> _AIM OF THE EXERCISE_: Retype each line of the material exactly, please, skipping any picture in it.
BEGIN AVAILABLE DATA
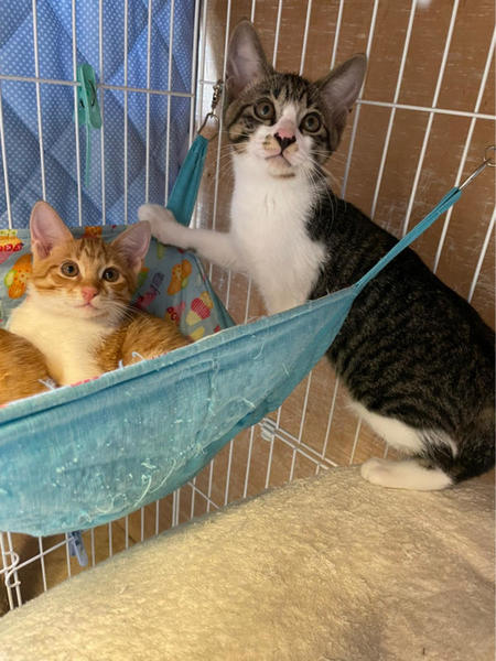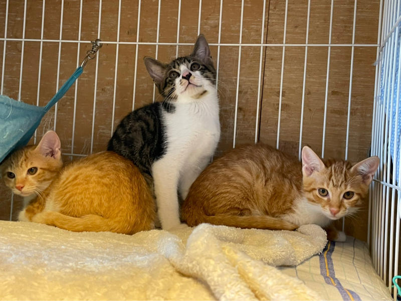 | 特徴(性格など) | 【性格】空き家で産まれた子猫達で、母猫さんはTNR後、地域猫として近隣住民の方に可愛がって貰ってます。子猫達は保護しました。 3匹兄妹の子猫達です。 因みに当たり前ですが、元野良猫の子猫ちゃんです。 保護した当初の様子などはYouTube『ちゅー猫チャンネル』にアップしておりますのでぜひ!ご覧ください。https://youtube.com/channel/UC4YseOceX9CQfZtgXTg83sw キジ白のかわいい男の子です。 男の子はじゅんくんだけなので、一番よく食べ、体もガッチリしているので大きくなりそうです。 とにかく遊びが大好きなのでおもちゃに反応します。おもちゃとちゅーるがあれば釣られてしまいます。 まだまだびびりくんですが、噛んだりひっかいたり猫パンチなどいっさいありません。 ご愛嬌のシャー!は偶にしちゃう時もあります。 抱っこもできますが、あまり好きではないようです。 普段は預かりさん宅のリビングを自由にフリーにしておりますが、夜はケージで寝かせており、ケージ飼いに慣らしてあります。 この子達にとってケージが安全な場所だと思っています。 ですので迎えてくださるご家庭は、必ずケージ飼いからのスタートでお願いします。(完全フリーにするとまだまだ隠れてしまいます。) お届けする頃には、もう4ヶ月になっているので、去勢手術をしてからのお届けとさせていただきます。 去勢手術済みの大きめの子猫となりますから、お仕事を半日ぐらいお待ちのご家庭でも全く問題なく迎えていただけます(譲渡会スタッフにご相談ください) もし?余裕がおありでしたら、お留守番の事を考えると二匹飼いをオススメします。 同じキョウダイの妹なみちゃんとのペアをオススメします(子猫一匹だと人間に依存しますが、二匹飼いだと猫同士で遊びあって成長して行くので、返って飼い主さんは二匹飼いの方が育てるのが楽です) とてもかわいい子達ですので、ぜひ!よろしくお願いします。 |
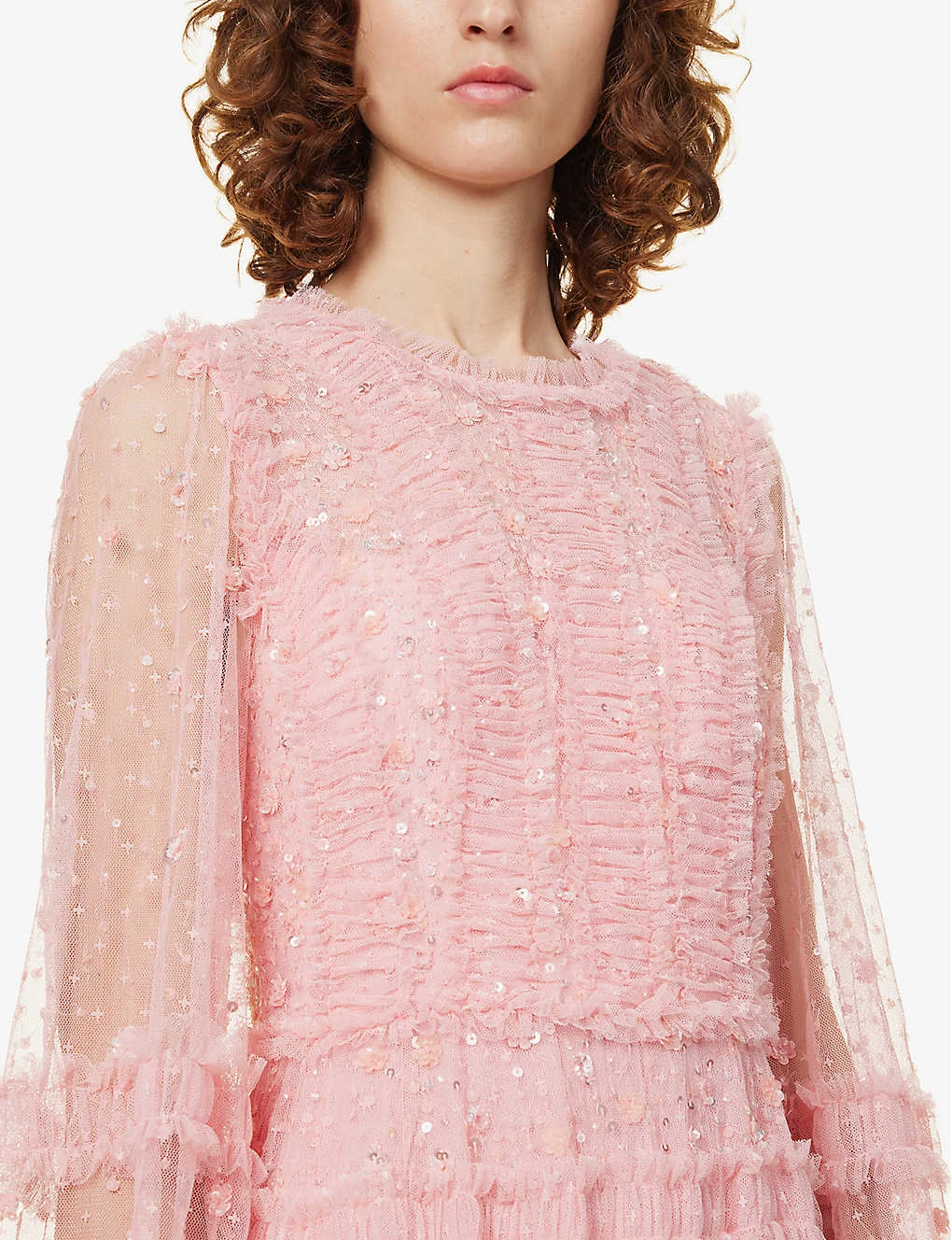 - Regular-fit, round neck, long sleeves, all-over sequin-embellishment and frilled trims, tulle panels, flared skirt, double-layered skirt, fully lined
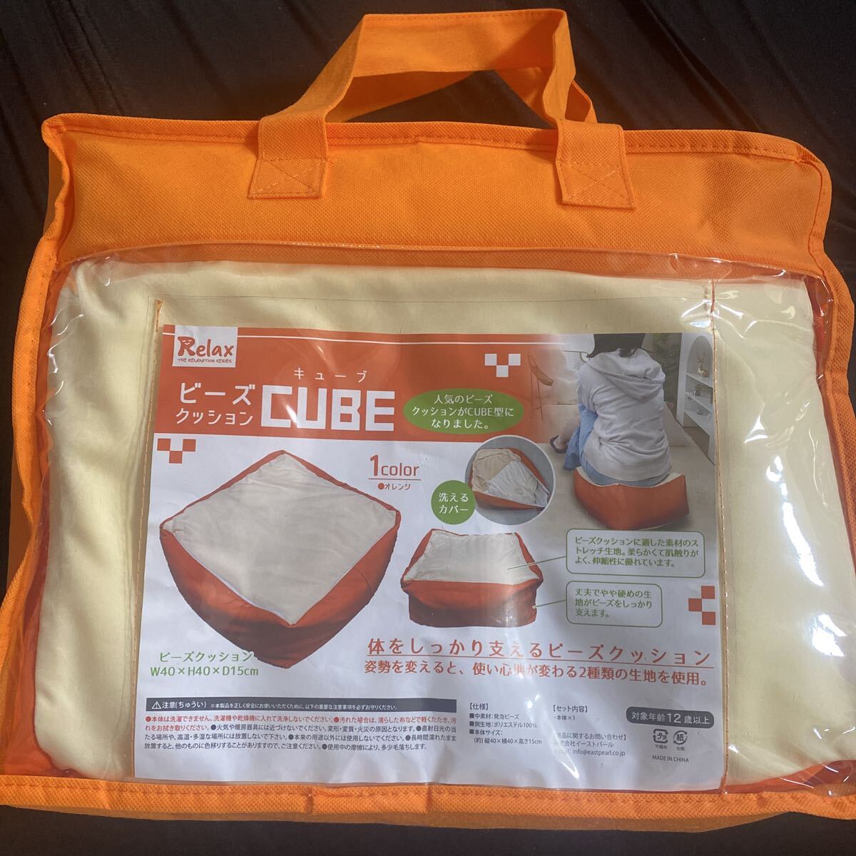 > ビーズクッション★キューブCUBE★40×40×15cm★洗えるカバー★オレンジ★ポリエステル 100%
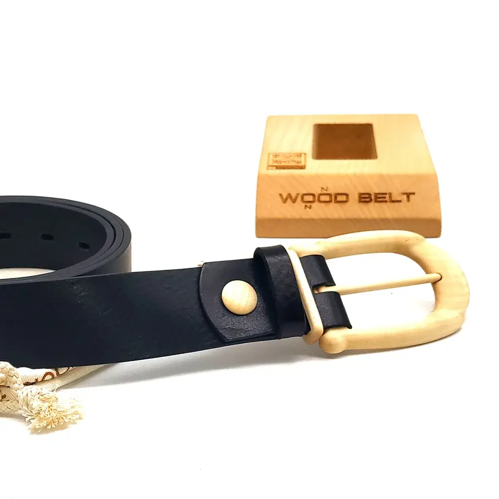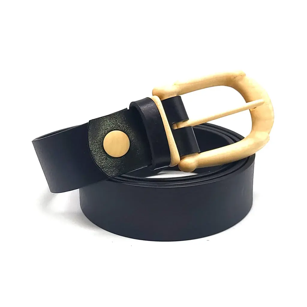 A unique combination of the wooden buckle with classic casual leather 40 mm wide belt is excellent and never out of fashion.
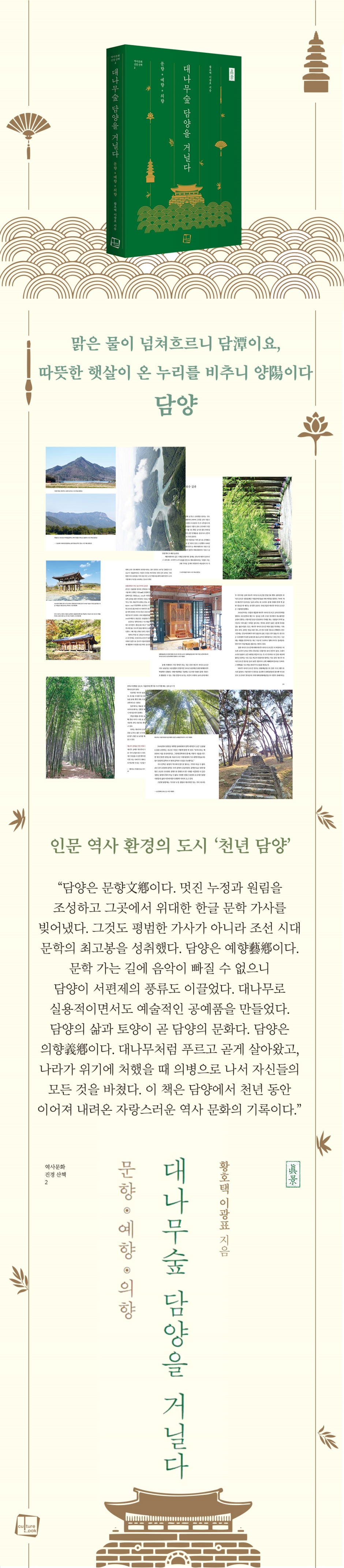 느려서 행복하다……삼지내 돌담과 고택의 향기 춘향의 낭군이 조성한 관방제 숲 담양의 3대 자연 유산 서편제 명창 이날치와 박동실 메타세쿼이아 가로수 길과 메타프로방스 폐사지 연동사를 복원한 원행 스님 2부 영산강에 유유히 흐르는 역사 임진왜란에 삼부자가 목숨 바친 충절의 집안 조선 시대 기록 문화의 꽃 ≪미암일기≫ 창평에서 벌족 이룬 양녕대군 후손들 동학농민군과 항일 의병의 격전지 금성산성 풍수지리 사연 담긴 담양의 석조 문화재 용이 태어난 절 용흥사 3부 가사 문학과 원림 가사 문학의 최고봉 담양 꽃이 진다고 슬퍼 마라 ― 송순 면앙정 송강이 광주호 바라보면 무슨 시 지을까 정치와 문학의 기묘한 만남, 정철과 송강정 한국 전통 정원의 백미 소쇄원 인조의 삼고초려 사절한 명옥헌 고려 충신이 무등산 자락에 지은 독수정 4부 왕대밭의 미래 유산 담양 관광 1번지 죽녹원 세계중요농업유산 삼다리와 만성리 대나무밭 대를 잇는 대나무 공예의 장인들 미래의 먹거리 대나무 산업 5부 담양의 뉴트로와 음식 문화 옛 해동주조장과 해동문화예술촌 담빛예술창고와 대나무 파이프오르간의 만남 창작 공간 ‘글을낳는집’ 아트센터 대담 골목길의 아련한 추억과 아기자기한 매력 맛 들이면 살림이 기우는 담양 10미 1 대를 물려 내려오는 레시피 담양 10미 2 에필로그 천년 문장과 담양학 |
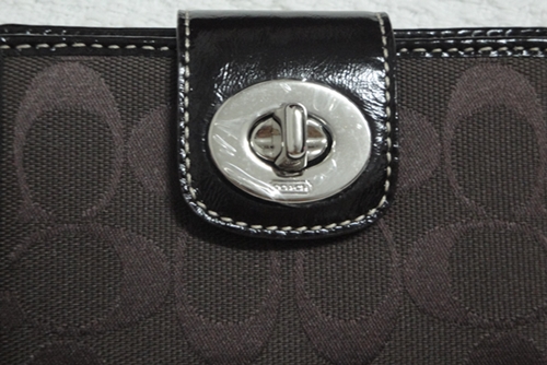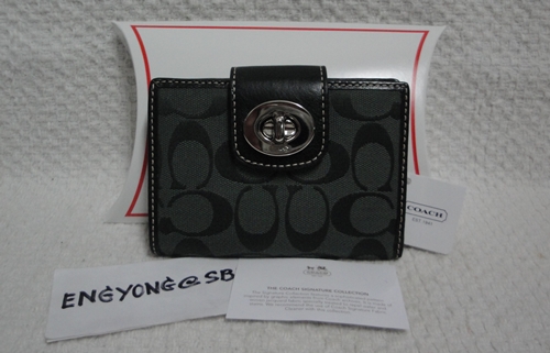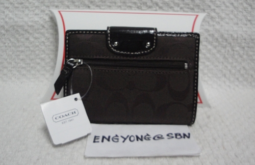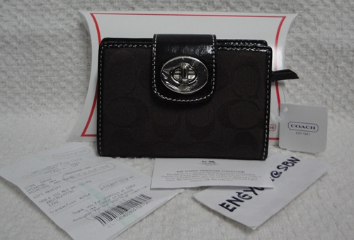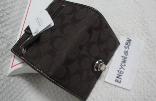 3. COACH - 43612 Turnlock Signature Medium Wallet สี Chocolate ขนาด 5*4 นิ้ว กระเป๋าเงินรุ่นนี้หายากแล้วนะคะ โดยเฉพาะสี Chocolate ใส่บัตรเครดิต ได้ 7 ใบ ด้านหลังมีช่องซิปสำหรับใส่เหรียญ เป็นของใหม่ป้ายห้อยคะ อุปกรณ์มี น้องเป๋า / Gift Receipt / Care Card และกล่อง Coach ราคาพิเศษ 3,390 บาท
END AVAILABLE DATA
> _RESPONSE_:
 | 特徴(性格など) | 【性格】空き家で産まれた子猫達で、母猫さんはTNR後、地域猫として近隣住民の方に可愛がって貰ってます。子猫達は保護しました。 3匹兄妹の子猫達です。 因みに当たり前ですが、元野良猫の子猫ちゃんです。 保護した当初の様子などはYouTube『ちゅー猫チャンネル』にアップしておりますのでぜひ!ご覧ください。https://youtube.com/channel/UC4YseOceX9CQfZtgXTg83sw キジ白のかわいい男の子です。 男の子はじゅんくんだけなので、一番よく食べ、体もガッチリしているので大きくなりそうです。 とにかく遊びが大好きなのでおもちゃに反応します。おもちゃとちゅーるがあれば釣られてしまいます。 まだまだびびりくんですが、噛んだりひっかいたり猫パンチなどいっさいありません。 ご愛嬌のシャー!は偶にしちゃう時もあります。 抱っこもできますが、あまり好きではないようです。 普段は預かりさん宅のリビングを自由にフリーにしておりますが、夜はケージで寝かせており、ケージ飼いに慣らしてあります。 この子達にとってケージが安全な場所だと思っています。 ですので迎えてくださるご家庭は、必ずケージ飼いからのスタートでお願いします。(完全フリーにするとまだまだ隠れてしまいます。) お届けする頃には、もう4ヶ月になっているので、去勢手術をしてからのお届けとさせていただきます。 去勢手術済みの大きめの子猫となりますから、お仕事を半日ぐらいお待ちのご家庭でも全く問題なく迎えていただけます(譲渡会スタッフにご相談ください) もし?余裕がおありでしたら、お留守番の事を考えると二匹飼いをオススメします。 同じキョウダイの妹なみちゃんとのペアをオススメします(子猫一匹だと人間に依存しますが、二匹飼いだと猫同士で遊びあって成長して行くので、返って飼い主さんは二匹飼いの方が育てるのが楽です) とてもかわいい子達ですので、ぜひ!よろしくお願いします。 |
 - Regular-fit, round neck, long sleeves, all-over sequin-embellishment and frilled trims, tulle panels, flared skirt, double-layered skirt, fully lined
 > ビーズクッション★キューブCUBE★40×40×15cm★洗えるカバー★オレンジ★ポリエステル 100%
 A unique combination of the wooden buckle with classic casual leather 40 mm wide belt is excellent and never out of fashion.
 느려서 행복하다……삼지내 돌담과 고택의 향기 춘향의 낭군이 조성한 관방제 숲 담양의 3대 자연 유산 서편제 명창 이날치와 박동실 메타세쿼이아 가로수 길과 메타프로방스 폐사지 연동사를 복원한 원행 스님 2부 영산강에 유유히 흐르는 역사 임진왜란에 삼부자가 목숨 바친 충절의 집안 조선 시대 기록 문화의 꽃 ≪미암일기≫ 창평에서 벌족 이룬 양녕대군 후손들 동학농민군과 항일 의병의 격전지 금성산성 풍수지리 사연 담긴 담양의 석조 문화재 용이 태어난 절 용흥사 3부 가사 문학과 원림 가사 문학의 최고봉 담양 꽃이 진다고 슬퍼 마라 ― 송순 면앙정 송강이 광주호 바라보면 무슨 시 지을까 정치와 문학의 기묘한 만남, 정철과 송강정 한국 전통 정원의 백미 소쇄원 인조의 삼고초려 사절한 명옥헌 고려 충신이 무등산 자락에 지은 독수정 4부 왕대밭의 미래 유산 담양 관광 1번지 죽녹원 세계중요농업유산 삼다리와 만성리 대나무밭 대를 잇는 대나무 공예의 장인들 미래의 먹거리 대나무 산업 5부 담양의 뉴트로와 음식 문화 옛 해동주조장과 해동문화예술촌 담빛예술창고와 대나무 파이프오르간의 만남 창작 공간 ‘글을낳는집’ 아트센터 대담 골목길의 아련한 추억과 아기자기한 매력 맛 들이면 살림이 기우는 담양 10미 1 대를 물려 내려오는 레시피 담양 10미 2 에필로그 천년 문장과 담양학 |
 3. COACH - 43612 Turnlock Signature Medium Wallet สี Chocolate ขนาด 5*4 นิ้ว กระเป๋าเงินรุ่นนี้หายากแล้วนะคะ โดยเฉพาะสี Chocolate ใส่บัตรเครดิต ได้ 7 ใบ ด้านหลังมีช่องซิปสำหรับใส่เหรียญ เป็นของใหม่ป้ายห้อยคะ อุปกรณ์มี น้องเป๋า / Gift Receipt / Care Card และกล่อง Coach ราคาพิเศษ 3,390 บาท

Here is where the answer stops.